# Exercise prompt
With the images removed, return every line below exactly as it reads.

# Data items
= = = = = = =

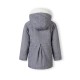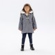 A girls padded jacket designed for warmth and style suitable for the colder seasons. This jacket features a classic cut tailored in navy, presenting a versatile appearance for various occasions. The exterior fabric merges wool with shiny lurex fibres, lending a subtle sparkle to the surface. Inside, the jacket contains a plush faux fur lining for added insulation. The hood includes a matching faux fur trim, enhancing both comfort and visual detail. Secure front fastening supports easy dressing while maintaining a close fit. This garment is constructed with attention to both functional wearability and enduring seasonal comfort.
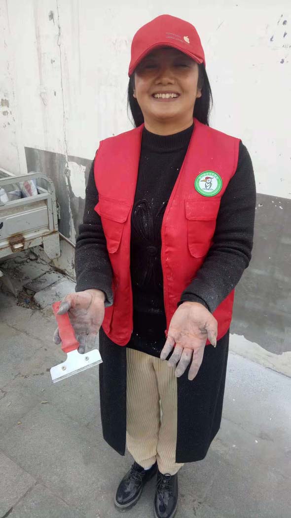 周口市啄木鳥志愿者服務(wù)工作委員會臨時(shí)黨支部書記、周口市慈孝文化促進(jìn)會會長孫彩云更是不怕臟,不怕累,連個(gè)手套都不帶,直接用雙手拿著鏟刀或者抹布清理墻上的小廣告,最后弄得雙手和滿身都是污漬?!盀榱宋覀兊某鞘懈粒鳛橐幻驹刚?,就應(yīng)該不怕累,不怕苦。”
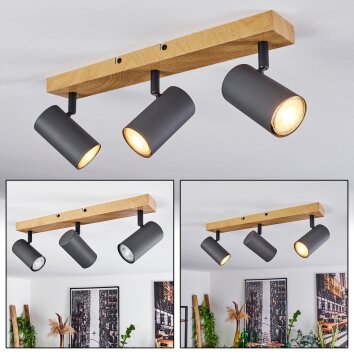 Herford Plafondlamp Grijs, Hout donker, 3-lichts
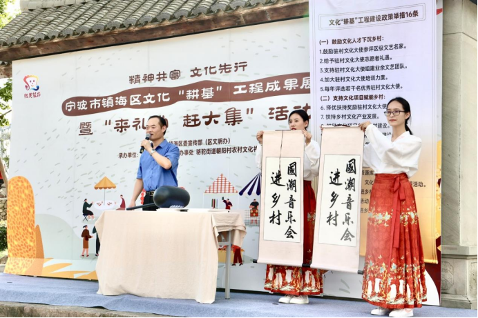 2023年11月4日,镇海区骆驼街道朝阳村文化礼堂举办文化“耕基”工程成果展示暨“来礼堂 赶大集”活动。
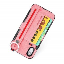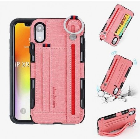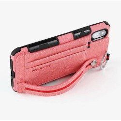 Coque protection arrière pour iPhone. Se compose de deux parties. Intérieur silicone et extérieur synthétique de qualité. Rangement de cartes, Bande de maintien et/ou support de visualisation. Anti choc, anti glisse.
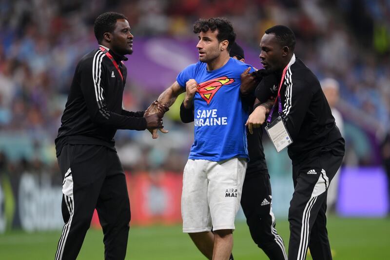 El aficionado ingresó al terreno de juego con una bandera LGTB+ en mano y una camiseta de ‘Supermán’, que por delante decía “salven a Ucrania” y por detrás reclamaba “respeto por la mujer iraní”. Aunque en video no se pudo observar para el mundo, en algunas fotografías quedó registrado el suceso.
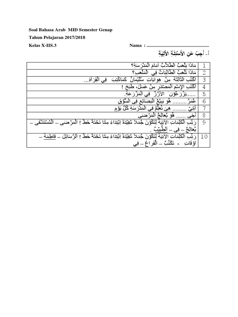 Soal Bahasa Arab Kelas 10 Semester Genap / Soal Bahasa Arab Kelas 11 Semester 2 Dan Kunci Jawaban Peranti Guru / Download soal uas semester 1 dan 2 bahasa arab sdit mi tahun 2015.
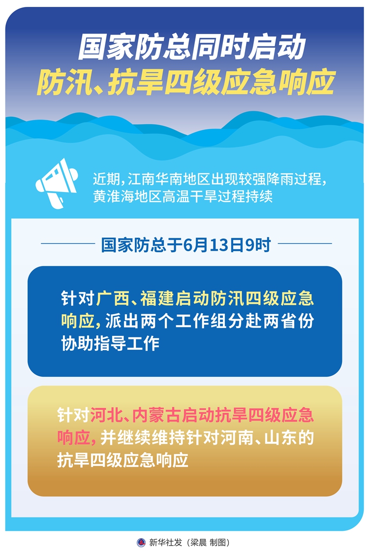 近期,江南華南地區(qū)出現(xiàn)較強(qiáng)降雨過程,黃淮海地區(qū)高溫干旱過程持續(xù)。國家防總于6月13日9時(shí)針對廣西、福建啟動防汛四級應(yīng)急響應(yīng),派出兩個(gè)工作組分赴兩省份協(xié)助指導(dǎo)工作;針對河北、內(nèi)蒙古啟動抗旱四級應(yīng)急響應(yīng),并繼續(xù)維持針對河南、山東的抗旱四級應(yīng)急響應(yīng)。
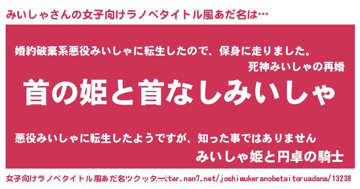 | 意味不明あだ名 | 『エリンギ科みいしゃ属』『自称みいしゃ』 |

= = = = = = =

# Solution to this task
 A girls padded jacket designed for warmth and style suitable for the colder seasons. This jacket features a classic cut tailored in navy, presenting a versatile appearance for various occasions. The exterior fabric merges wool with shiny lurex fibres, lending a subtle sparkle to the surface. Inside, the jacket contains a plush faux fur lining for added insulation. The hood includes a matching faux fur trim, enhancing both comfort and visual detail. Secure front fastening supports easy dressing while maintaining a close fit. This garment is constructed with attention to both functional wearability and enduring seasonal comfort.
 周口市啄木鳥志愿者服務(wù)工作委員會臨時(shí)黨支部書記、周口市慈孝文化促進(jìn)會會長孫彩云更是不怕臟,不怕累,連個(gè)手套都不帶,直接用雙手拿著鏟刀或者抹布清理墻上的小廣告,最后弄得雙手和滿身都是污漬?!盀榱宋覀兊某鞘懈粒鳛橐幻驹刚?,就應(yīng)該不怕累,不怕苦。”
 Herford Plafondlamp Grijs, Hout donker, 3-lichts
 2023年11月4日,镇海区骆驼街道朝阳村文化礼堂举办文化“耕基”工程成果展示暨“来礼堂 赶大集”活动。
 Coque protection arrière pour iPhone. Se compose de deux parties. Intérieur silicone et extérieur synthétique de qualité. Rangement de cartes, Bande de maintien et/ou support de visualisation. Anti choc, anti glisse.
 El aficionado ingresó al terreno de juego con una bandera LGTB+ en mano y una camiseta de ‘Supermán’, que por delante decía “salven a Ucrania” y por detrás reclamaba “respeto por la mujer iraní”. Aunque en video no se pudo observar para el mundo, en algunas fotografías quedó registrado el suceso.
 Soal Bahasa Arab Kelas 10 Semester Genap / Soal Bahasa Arab Kelas 11 Semester 2 Dan Kunci Jawaban Peranti Guru / Download soal uas semester 1 dan 2 bahasa arab sdit mi tahun 2015.
 近期,江南華南地區(qū)出現(xiàn)較強(qiáng)降雨過程,黃淮海地區(qū)高溫干旱過程持續(xù)。國家防總于6月13日9時(shí)針對廣西、福建啟動防汛四級應(yīng)急響應(yīng),派出兩個(gè)工作組分赴兩省份協(xié)助指導(dǎo)工作;針對河北、內(nèi)蒙古啟動抗旱四級應(yīng)急響應(yīng),并繼續(xù)維持針對河南、山東的抗旱四級應(yīng)急響應(yīng)。
 | 意味不明あだ名 | 『エリンギ科みいしゃ属』『自称みいしゃ』 |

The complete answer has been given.